(3)
If the casualty's chest did not rise and fall, then air is not getting into his
lungs.
(a) Try to open the casualty's airway more (lift the chin more and/or
increase the tilt of the head) and administer two full breaths again.
(b) If the casualty's chest still does not rise, a foreign object is probably
blocking his airway. Remove any visible blockage. Administer manual thrusts (see
Section II of this lesson) as needed to expel any blockage. Once the airway is
unblocked and the obstruction removed, administer two full breaths again and
reevaluate.
d. Check the Casualty's Pulse. If the casualty's airway is open (two full
breaths delivered successfully), check for a pulse. A pulse indicates that the heart is
still pumping blood.
(1) Continue to maintain the casualty's airway. If the head-tilt/chin-lift
method is being used, keep one hand pressing on the casualty's forehead.

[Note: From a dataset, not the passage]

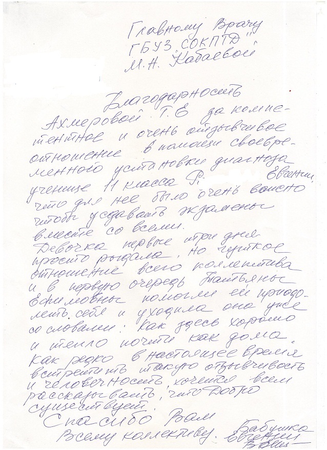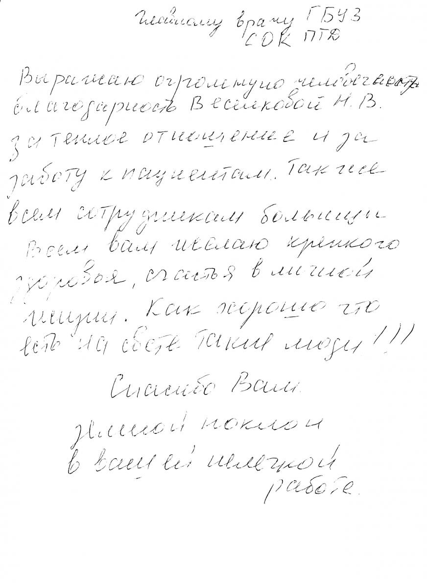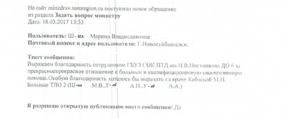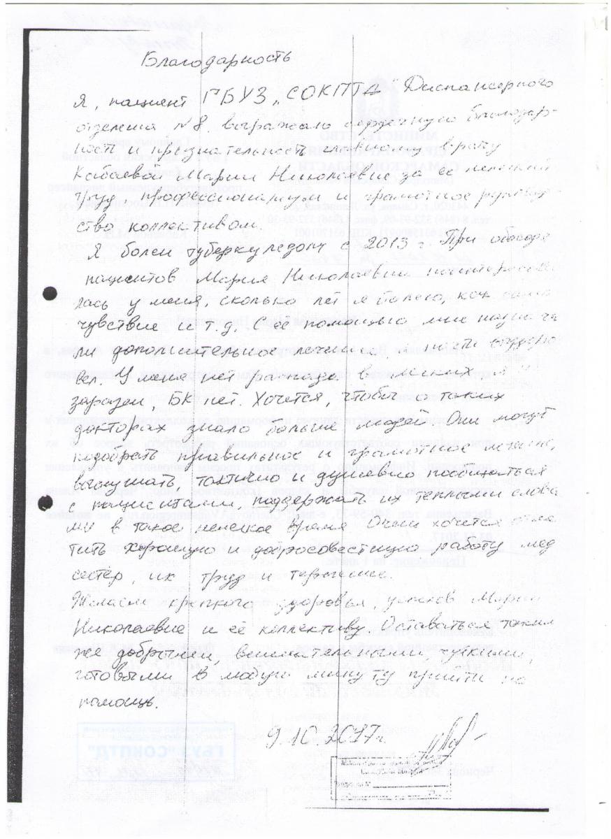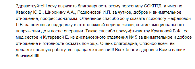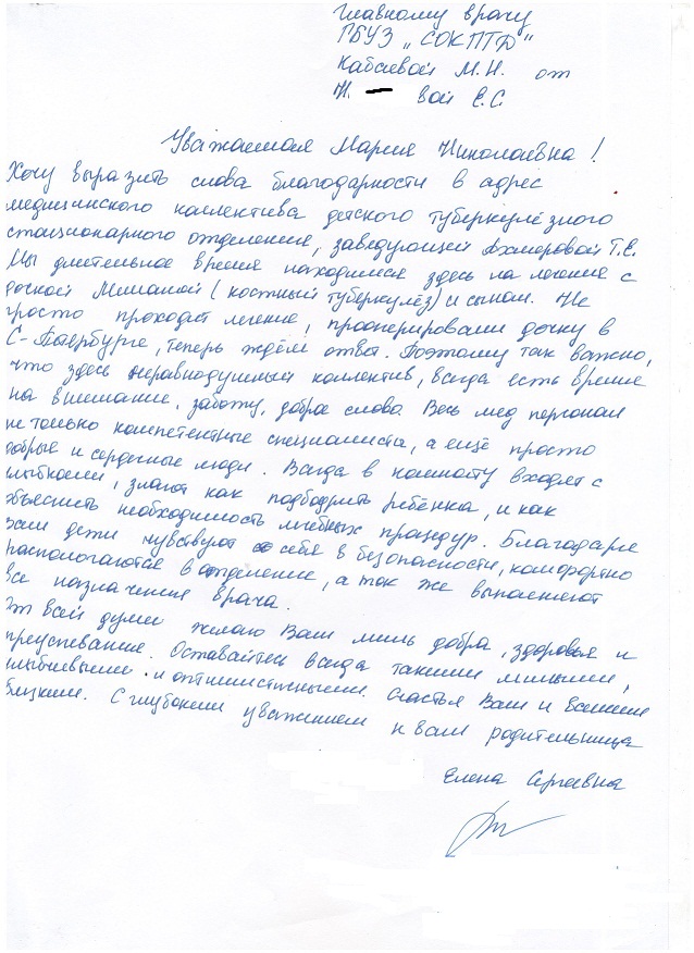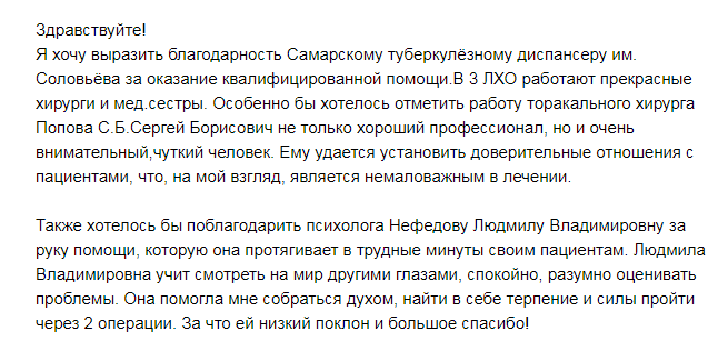 Уважаемая Марина Николаевна, мы очень благодарны Вам и вашему коллективу врачей и медсестрам ГБУЗ СОКПТБ, за их терпение к нам пациентам, самоотверженность в их тяжелой и опасной работе, за их трудолюбие и просим Вас и ваш руководящий состав рассмотреть нашу следующую просьбу и пожелание в связи с праздничным днём 8-ое марта, поздравить и поощрить от своего имени за трудолюбие, внимательное отношение и чуткость к своим пациентам:

(2) Locate the carotid artery on the side of the casualty's neck that is closest
to you. One carotid artery is located in the groove on the left side of the trachea
(windpipe) next to the casualty's larynx (Adam's apple). The other carotid artery is
located in the groove on the right side of the trachea next to the casualty's larynx.
(3) Once the artery is located, gently press on the artery with your middle
and index fingers and feel for a pulse for 5 to 10 seconds (figure 3-5). Also look for
signs of spontaneous breathing (rising and falling of the casualty's chest, etc.) while
checking the pulse.
CAUTION:
Do not use your thumb to feel for the casualty's pulse. If you use your
thumb, you may mistake the pulse in your thumb for the casualty's pulse.
Figure 3-5. Feeling for a carotid pulse.